Hungarian road haulage and logistics group Waberer’s International has signalled its move into rail freight by acquiring a 51 per cent stake in Petrolsped Budapest. Petrolsped (PSP) provides rail logistics services mainly in Hungary and Romania, either directly or through its subsidiaries, Pultrans and PSP Cargo Romania.
Zsolt Barna, Waberer’s chairman and CEO, said that with the majority shareholding in PSP, the group “takes a significant step towards building a multimodal service portfolio, developing its rail logistics capabilities, and entering the specialised logistics segment that currently predominantly uses rail services, for example, agricultural and construction products.”
New markets to tap
Barna pointed out that “by integrating Petrolsped’s experience, customer portfolio and assets, Waberer’s will have all the necessary capabilities to become a competitive and significant player in the domestic and regional rail-based logistics market.”
He added that Waberer’s sees significant growth potential in this market segment, given “the new industrial and automotive investments in Hungary” but also because their existing customers are increasingly turning to low-carbon logistics services.
Strong regional presence
The Petrolsped Group posted a consolidated turnover of 53 million euros in 2022 and an operating profit (EBIT) of 3.8 million.
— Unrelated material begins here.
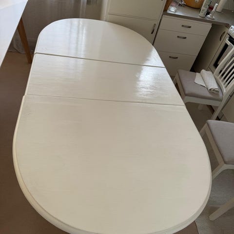 Bordet har en iläggsskiva (33cm) som enkelt kan sättas i mitten för att göra det längre vid behov.
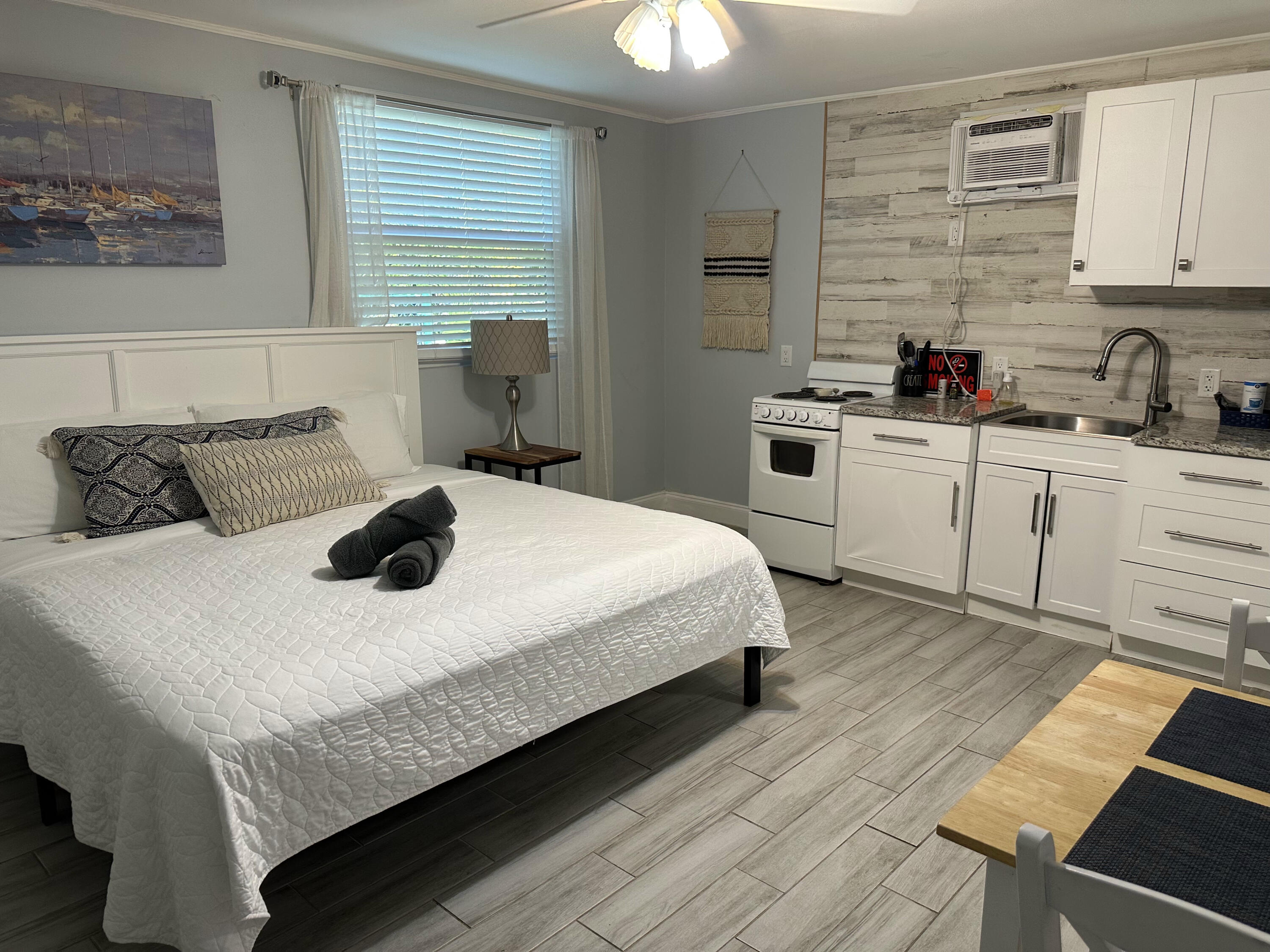 This beautifully renovated home offers 3/2bath, featuring a brand new full size kitchen with updated cabinets, a fully upgraded bathroom, and modern laminate flooring throughout. The home includes cen

In April last year, Railfreight.com reported that Petrolsped was behind the opening of a new intermodal railway terminal in Szeged, on the Hungarian border crossing with Serbia.
Petrolsped explained at the time that the new facility would relieve some pressure from the terminals in Budapest and the one in Curtici, near the Romanian border, which handle most of the cargo on the north-south axis.